AIM OF THE TASK ▸
Look below for the line containing "This adorable baby". Write out that line and the rest through the last one, exactly as they appear, but without pictures.

THE DATA ▸
--- START ---

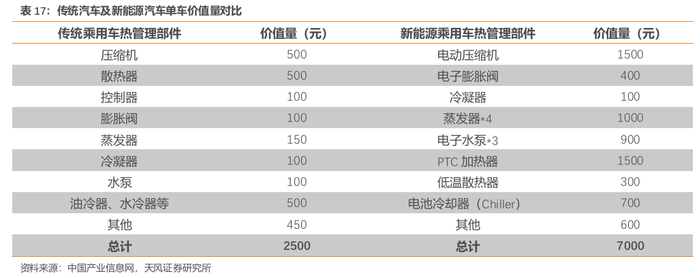 新能源热管理单车价值量较传统燃油车提高2-3倍。传统燃油车热管理系统主要包括压缩机、散热器、控制器等部件,合计单车配套价值量约2500元。与传统燃油车相比,新能源汽车热管理系统新增了电动压缩机、电子膨胀阀、电池冷却器、PTC加热器等部件,系统集成度及复杂度更高,合计单车配套价值量有望达到7000元。
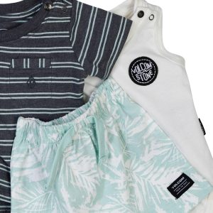 This adorable baby set is perfect for cozy comfort and sweet style. It includes a soft short sleeve romper with snap buttons for easy changes and a sleeveless romper featuring an embroidered dog and patch design. Made from breathable fabric, this set is ideal for warm days and playful adventures.
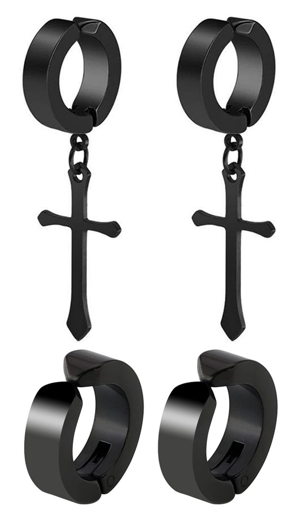 Non-pierced Earrings Set for Men Women Cross Titanium Steel Hoop Dangle Clip On Earring
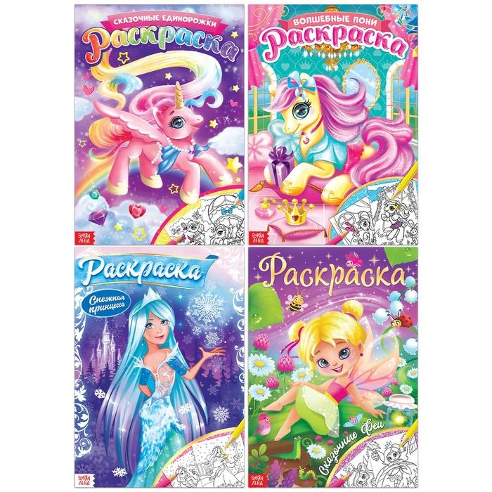 Набор раскрасок для девочек «Волшебные рисунки», 4 шт. по 16 стр., формат А4

--- END ---

FINISHED TASK ▸
 This adorable baby set is perfect for cozy comfort and sweet style. It includes a soft short sleeve romper with snap buttons for easy changes and a sleeveless romper featuring an embroidered dog and patch design. Made from breathable fabric, this set is ideal for warm days and playful adventures.
 Non-pierced Earrings Set for Men Women Cross Titanium Steel Hoop Dangle Clip On Earring
 Набор раскрасок для девочек «Волшебные рисунки», 4 шт. по 16 стр., формат А4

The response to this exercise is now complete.